Diakui Muslim memang banyak masyarakat yang ingin mencoba aspal tersebut, tapi sejak tahun baru 2024 ini sebagian sudah tau kalau kondisinya sudah putus.
“Jalan ini sempat viral dengan alamnya yang indah di sepanjang jalan. Banyak masyarakat datang dengan keluarga untuk swafoto, namun sekarang sudah tidak dilalui lagi oleh masyarakat kecuali yang tidak mengetahuinya. Memang belum ada rambu-rambu peringatan kalau jalan sudah putus,” bebernya.
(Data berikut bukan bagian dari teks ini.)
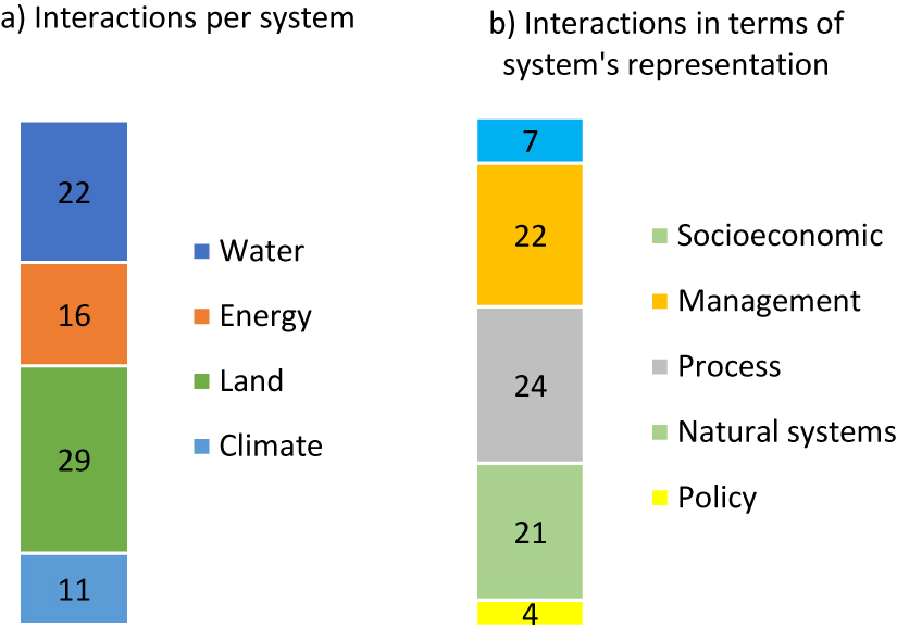 Standard image High-resolution imageBy examining the interlinkages represented, we can understand how the coverage of the CLEWs nexus was achieved. Interactions have been categorised in the literature in the context of the SDGs. The International Science Council [124, 125] classified SDGs interactions in terms of directionality, and on their dependencies in relation to context, governance, technology and time-frame. Also, in the context of the SDGs, McCollum et al [126] examine the literature for evidence of interactions between the SDGs and energy-related links. In the aforementioned study, interactions are classified in terms of synergies, trade-offs and linkages. In the context of the nexus of resource systems, Flammini et al [11] propose the elaboration of interlinkages matrices for the assessment of systems' linkages in terms of synergies and trade-offs. The matrices consider interactions between two of the WEF systems. This type of approach could assist the mapping of interactions identified in phase 2 of the CLEWs framework. Laspidou et al [127] make the distinction between direct and indirect interlinkages in the context of the nexus of water–energy–food–land–climate. Direct interlinkages correspond to unidirectional system-to-system interactions and are defined as first-order interlinkages. In contrast, indirect interlinkages correspond to interactions which propagate through different systems, involving more than two nexus dimensions (e.g. land–water–energy) [127]. In this study, interactions were classified in three ways: (a) in terms of the system of reference (i.e. of climate, land, water or energy); (b) in terms of systems involved (or directionality) (i.e. system-to-system interaction, e.g. climate → land); and, (c) in terms of their role in the representation of a system, using the categories: policy, process, natural systems, management and socioeconomics. The distribution of all identified interactions, according to the aforementioned categories, are shown in figures 6 and 7, respectively.

Terpisah, Kepala Dinas PUTR Solok Selatan Indra Zuardi mengatakan pihaknya telah melaporkan kondisi jalan putus tersebut ke BPJN Sumbar. Ia juga membenarkan kalau memang belum ada pemasangan rambu-rambu peringatan dari dua arah.
Ia menambahkan, yang mengerjakan jalan tersebut adalah dana pusat, setelah dibuka langsung pengerasan dan pengaspalan dengan anggaran Rp31 miliar, pihak kontraktor berjanji akan memperbaikinya dan mereka siap bertanggungjawab.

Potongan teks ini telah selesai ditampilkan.